A while back, I found out that you created a Facebook account on the day that we met up (after the break-up). I thought, "Ok, that's weird" but I didn't think too much into it. I didn't have a Facebook account at the time so I found out using a relatives account (yeah.. I know). Anyway, a few days ago I realized that you didn't update your account at all until Christmas (which also happens to be my birthday). Coincidently, I created a Facebook account five days before that. The only way you would be able to find out if I had an account was if you checked my brother's Facebook page.

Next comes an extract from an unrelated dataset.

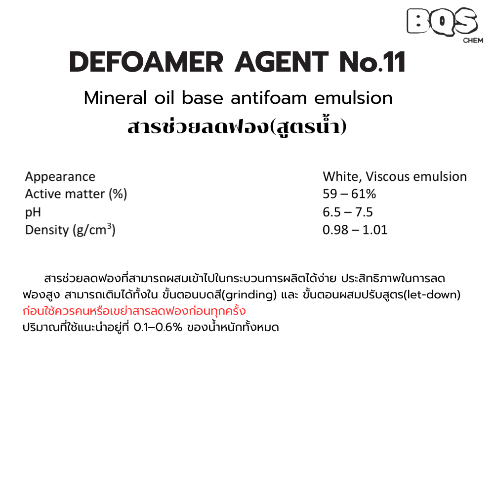 Defoamer No.11 สารลดฟองสูตรน้ำ สำหรับสี กาว เคมีสูตรน้ำ | Mineral Oil Base Antifoam Emulsion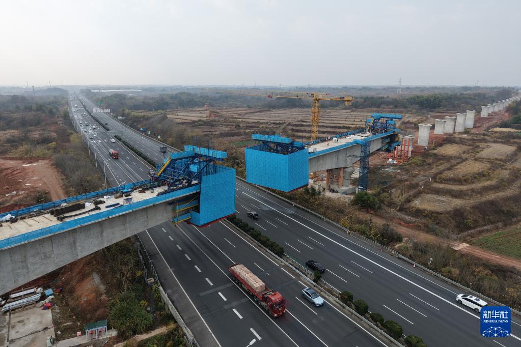 12月25日拍摄的衢丽铁路衢江特大桥跨沪昆高速公路连续梁作业现场(无人机照片)。

And although his settings are private, you can still see who he recently added, and my name is on the list!

 

What I want to know is this: Is this all a coincidence or did you manage to find out that I recently created a Facebook account and that tempted you to update your whole page and put "single?" I just think it's odd because you didn't update a single thing on your page for 3 months! Why do you care all of a sudden? And why did you choose to create a Facebook account and edit it on two significant dates? (The time we met after our break up, and Christmas/my birthday).

 

I'm usually not one to care about these things but I get this feeling that something tempted you to do it. No one holds off on something for three months and just decides one day, "Hey, let me update that!" unless something triggered them to do it. Somehow I get this strange feeling that you want to talk to me. It's not going to happen through Facebook though, that's for sure! You won't be hearing from me, so if you have something to say, you have to get in touch with me first. That's the only way.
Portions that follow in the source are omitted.